Source information =>
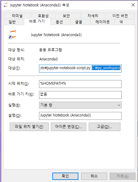 바로가기에서 설정 된 홈 디렉토리가 디폴트로 뜨게 됩니다.
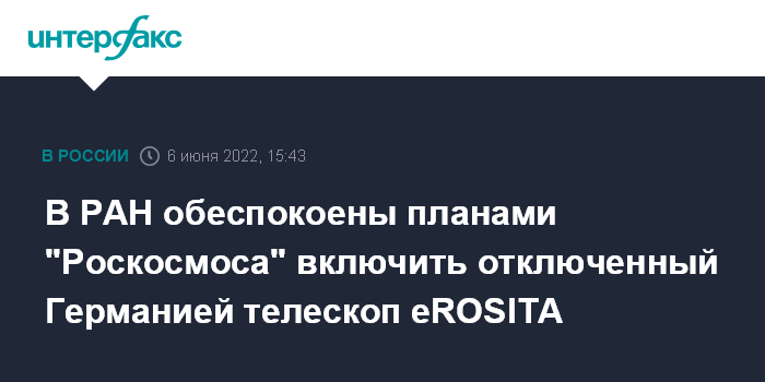 4 июня Рогозин заявил, что дал указание восстановить работу немецкого телескопа eROSITA, входящего в состав российско-немецкой орбитальной обсерватории "Спектр-РГ. "Мы исправим ошибку немцев и включим их телескоп на нашей обсерватории "Спектр-РГ"", - заявил он.
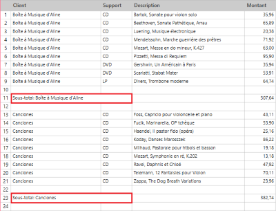 Votre récapitulatif s’affiche avec les lignes de sous-totaux.
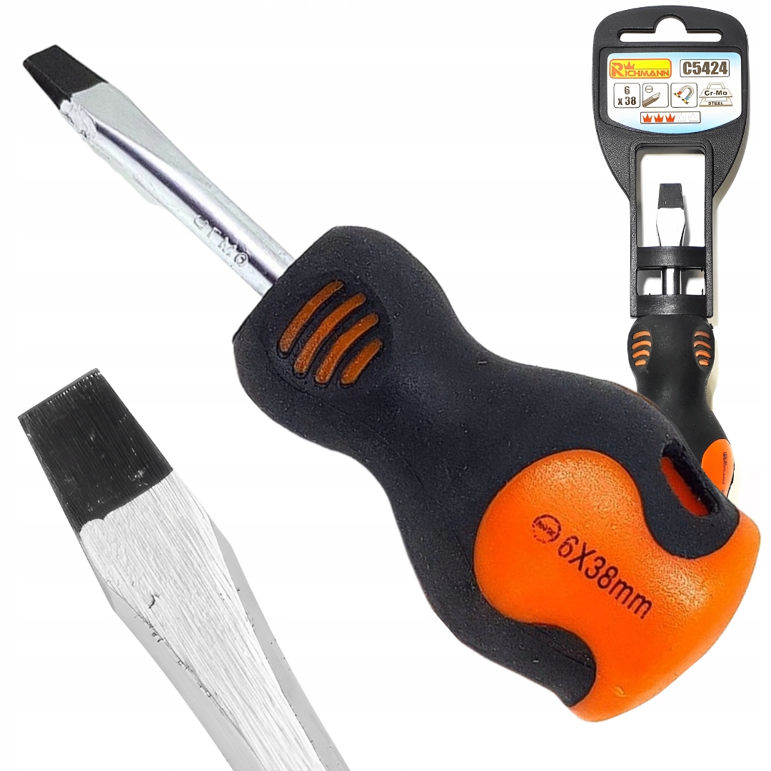 КОРОТКАЯ ПЛОСКАЯ ОТВЕРТКА 6x38 мм ТВЕРДЫЙ МАГНИТНЫЙ RICHMANN C5424
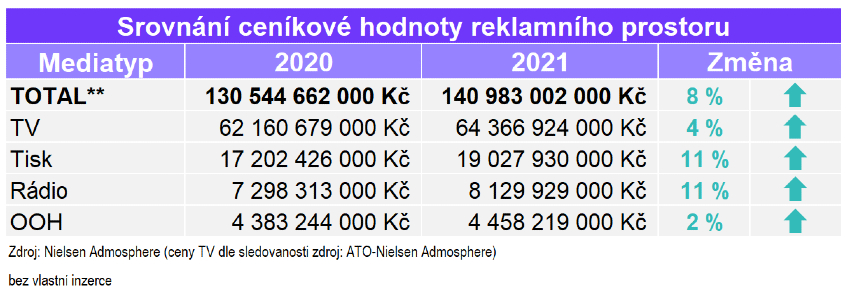 Celková ceníková hodnota reklamního prostoru v českých médiích loni dle monitoringu Ad Intel společnosti Nielsen Admosphere dosáhla téměř 141 miliard korun (hrubé reklamní investice), což představuje nárůst o 8 procent oproti roku 2020, kdy činila 130,5 miliardy korun.

Problem details =>
No picture belongs in the answer; the rest of the records must be repeated exactly.

Written answer =>
 바로가기에서 설정 된 홈 디렉토리가 디폴트로 뜨게 됩니다.
 4 июня Рогозин заявил, что дал указание восстановить работу немецкого телескопа eROSITA, входящего в состав российско-немецкой орбитальной обсерватории "Спектр-РГ. "Мы исправим ошибку немцев и включим их телескоп на нашей обсерватории "Спектр-РГ"", - заявил он.
 Votre récapitulatif s’affiche avec les lignes de sous-totaux.
 КОРОТКАЯ ПЛОСКАЯ ОТВЕРТКА 6x38 мм ТВЕРДЫЙ МАГНИТНЫЙ RICHMANN C5424
 Celková ceníková hodnota reklamního prostoru v českých médiích loni dle monitoringu Ad Intel společnosti Nielsen Admosphere dosáhla téměř 141 miliard korun (hrubé reklamní investice), což představuje nárůst o 8 procent oproti roku 2020, kdy činila 130,5 miliardy korun.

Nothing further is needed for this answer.